Monday, May 9, 2011

Mock Off Monday {Shower Curtain Edition}

Before I begin, I just want to say that today's project is not 100 percent knock off. Now don't go gettin' your panties in a wad. I said it wasn't 100 percent knock off, but it is about 85 percent knock off. It's merely a simplified version. But if it makes you any happier, I'll explain to you how to create both versions. Sound okay?

Here is what inspired my project.

Isn't she gorgeous? I love the cascade of ruffles.

Now, here's my version.

I know, I know, not quite as luscious as the Anthro version. But I still love it.
I kept my color scheme simple...solid white {muslin}. I made my shower curtain for my {beachy chic} bathroom so I wanted it to feel really light and ethereal.

I also wanted a slightly tattered look, so I didn't even bother hemming the edges. I ripped all of my muslin rather than cutting it, that way I could have raw, frayed edges. Not only do I like the way it looks, but it cut off a lot of sewing time.

If you are not into the frayed look you will have to hem the the two side edges and bottom edge of all your strips. {note, you will need to hem all four edges on your first layer as the top hem will be visible. The rest of the layers will overlap so it isn't necessary to hem the top edges of them...unless you have OCD or just really, really want to.

Here are the supplies needed:

*An old shower curtain {preferably white, or a lighter color/fabric cut and sew together to form a 72in. x72 in. square. I used a pair of old curtain sheers {they were $3.99 at Ross, just in case you don't have anything on hand to use} that I cut to 36 1/4 in. and sewed together {36 1/4 plus 36 1/4 equals 72 1/2 in.}. I allowed for a 1/2 in. seam allowance. If you are new to sewing, that simply means that I stitched 1/2 in. in from the edge of the fabric.
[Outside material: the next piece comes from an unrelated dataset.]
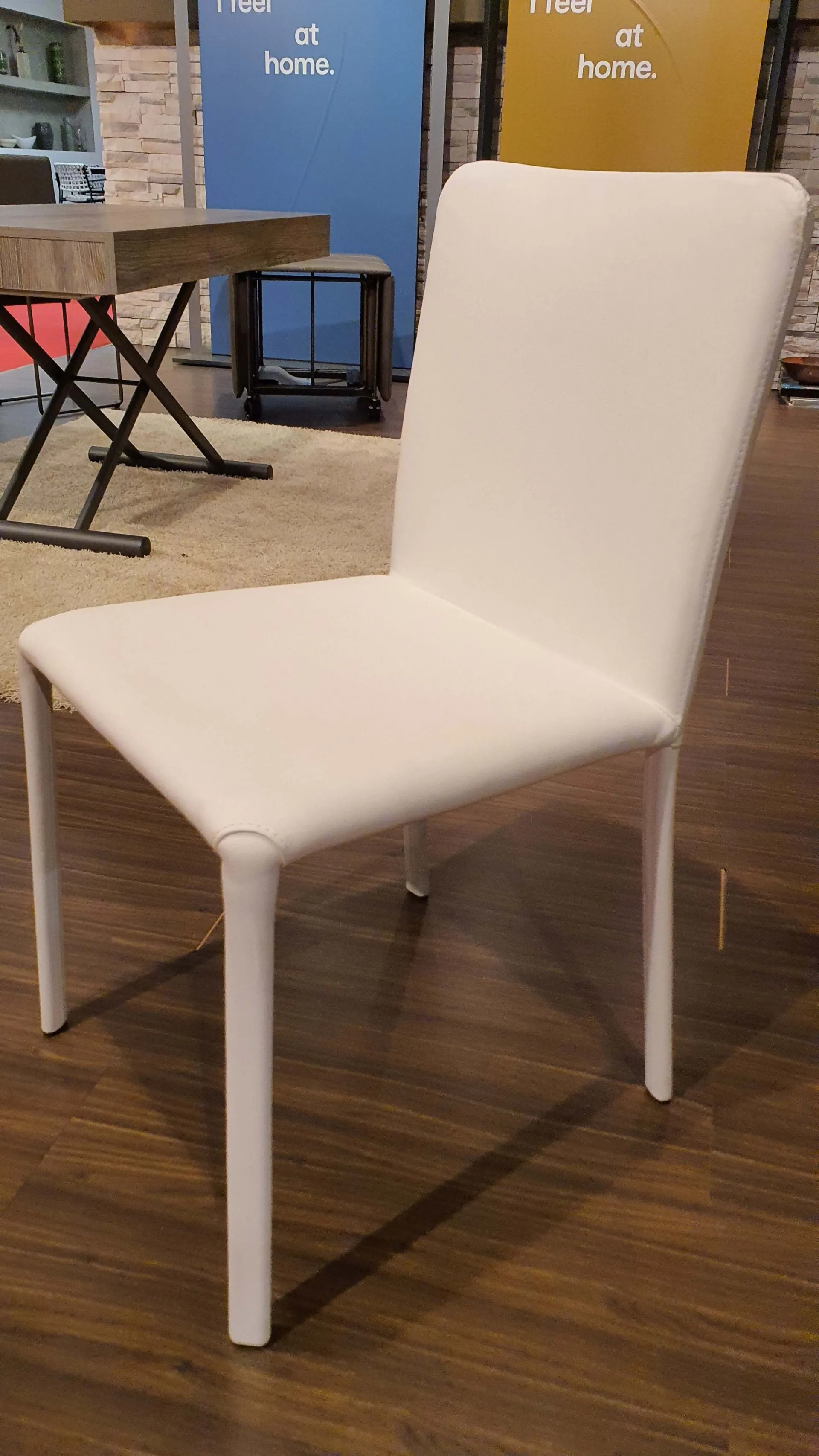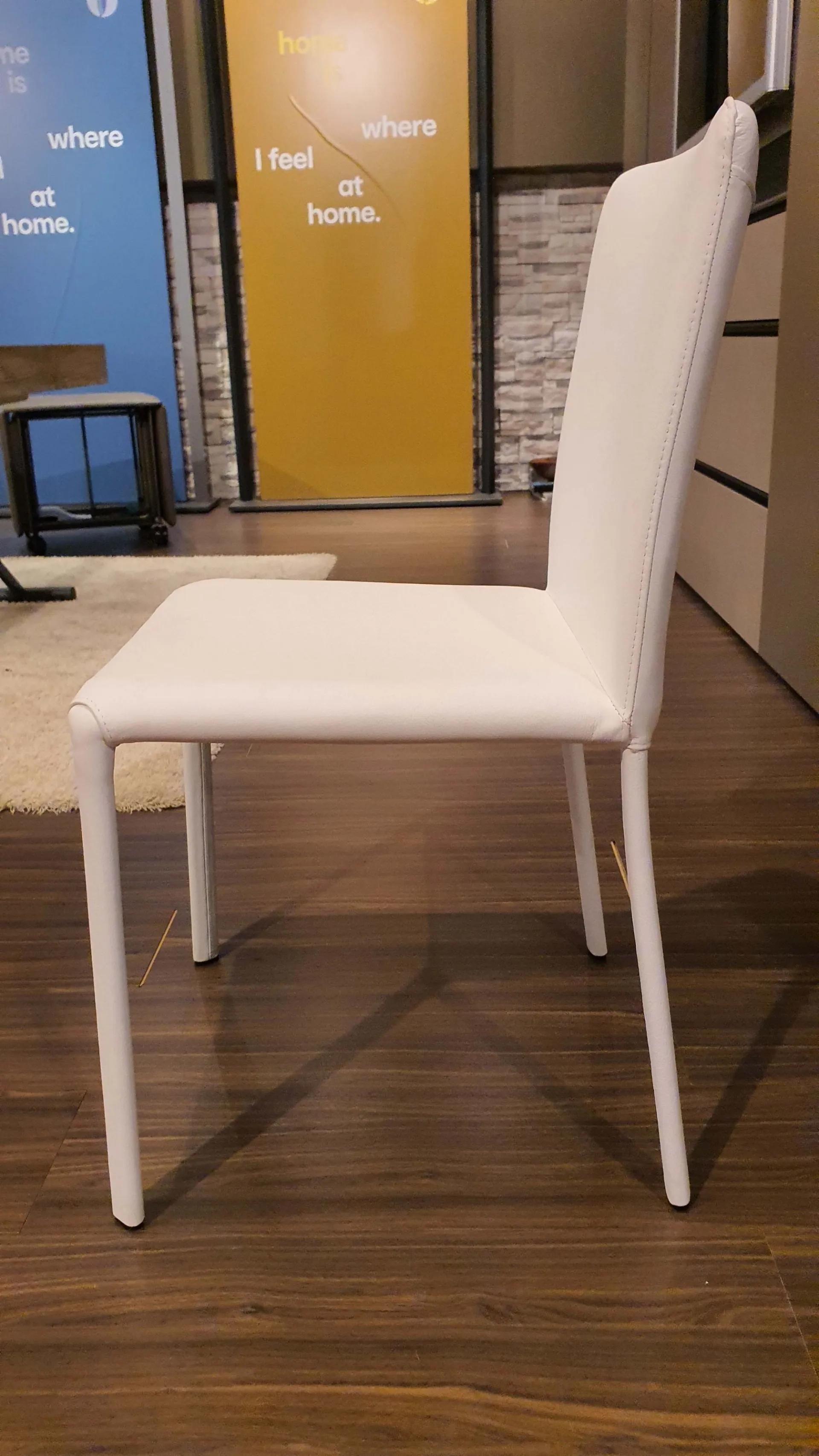 The WHITE leather completely covers the chair with visible tone-on-tone stitching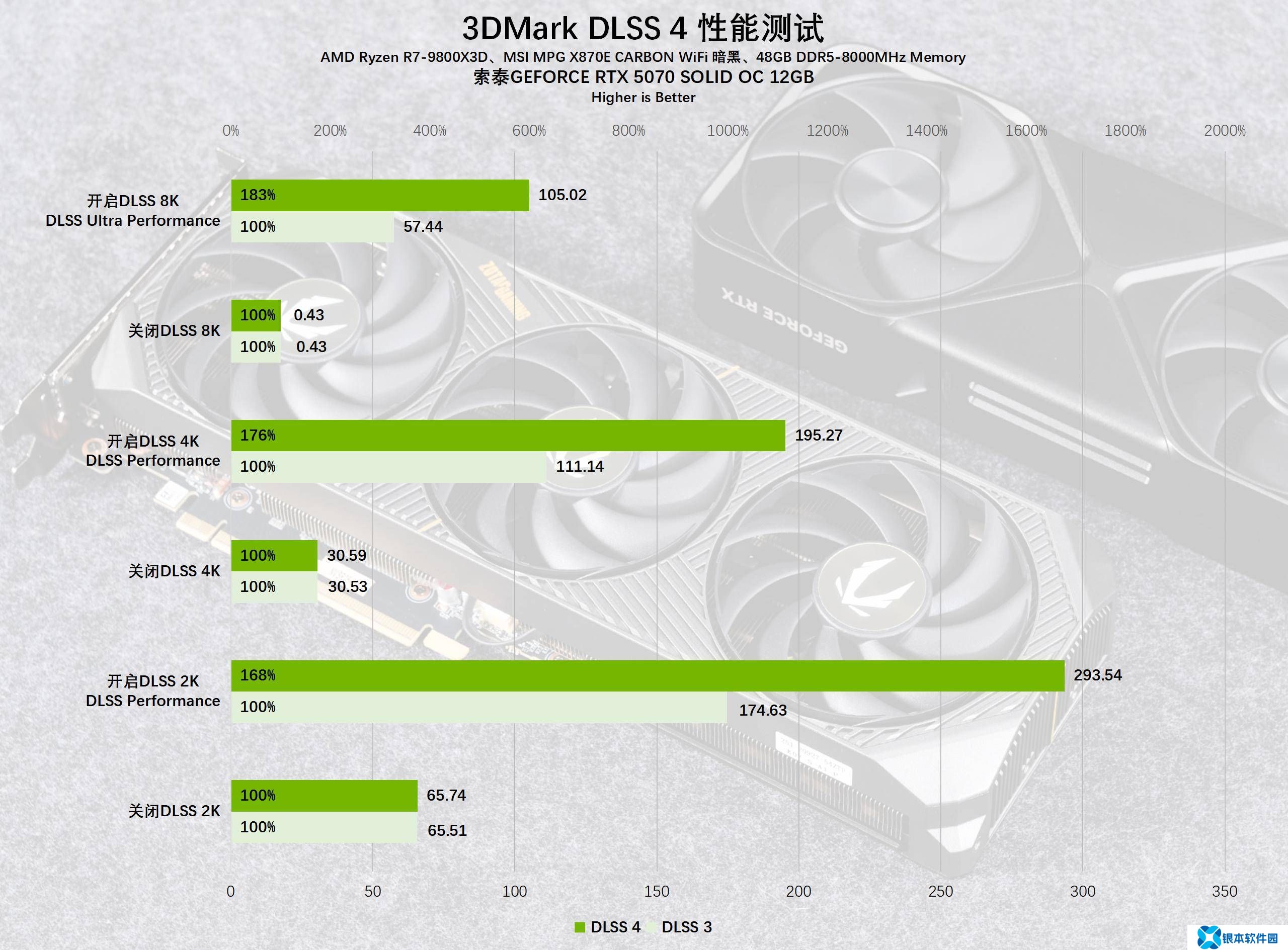 接下来是3DMARK DLSS3性能测试环节:索泰 RTX 5070 SOLID OC的表现与刚才的3DMARK理论性能测试同样突出。在DLSS 3技术加持下,索泰 RTX 5070 SOLID OC无论是2K分辨还是4K分辨率下,DEMO流畅度都有着较高的水平,尤其是4K分辨下的帧数更是达到了111.14 FPS。

*10 strips of fabric cut down to 9 in. x 72 in. {depending on the width of the fabric you use, you will need anywhere from 4-6 yards of fabric-possibly double or triple that if you decided to ruffle your layers. Whether you prefer the fullness of ruffles or the simplicity of layers you will need the same number of fabric strips. However, the ruffled version will require more fabric for each strip. You will have to gather each layer before stitching them on. I guesstimate that you will need double or triple the amount of fabric for the ruffled version, but that could vary depending on how thickly you gather the fabric. To gather fabric you simply cut your fabric strips to right width {9in} then run them through a sewing machine with a gathereing foot. You may have to sew 2 or 3 strips together for them to be the desired width {72 in.}. It's a bit of trial and error. The other option is to loosen the tension and lengthen the stitch on the sewing machine and then gather the fabric by hand. I actually prefer this method because I can control how thick the gather is. Gathering can be a pretty time consuming process. It isn't necessarily hard, it just takes a lot of patience...obviously I don't possess that quality which is why I opted for my lazy, err simplified, version instead.

*12 strips of fabric cut to 2 in. x 7 in. {These will be used to make the tabs at the top. You could also use ribbon}

Once you have all of your pieces prepped...the square piece is ready, all of the strips are hemmed and ruffled or ripped, and your tabs are cut, you can start assembling.

Lay your square piece out. Then fold your tabs in half and place 1/2 down from the top edge of the square piece, spacing them out about 6 inches. Then, match your first layer to the top of the square piece and pin the three layers together at each tab. Now you are ready to stitch along the top...about 1/4 in. in from the edge.

For the second {and remaining layers} measure up 2 inches from the bottom of the first layer and mark. This is where you will sew on the next layer. Continue measing up two inches from the previous layer and attach new layer. You will end up with overlapping layers.

You can see the 2 inch overlap here if you look closely.

Repeat this process until all ten layers are sewn on. As you get further into the project you will be managing a lot of fabric as you sew. Just take your time and stitch slowly. It took a good hour or two to sew on all of my strips. This process will be longer if you are sewing on ruffles simply due to the massive bulk you will be handling. But, it will be well worth all the effort in the end.

Eventually you will end up with a little something like this

Or like this if you went with the ruffles.

Anthro's Flamenco Shower Curtain retails for $118. I ended up spending about $15 to make my simplified version, which means that for $30-$45 {ish} you should be able to make a ruffled version. I always love it when I can save myself a couple of bucks...or in this case, over $100.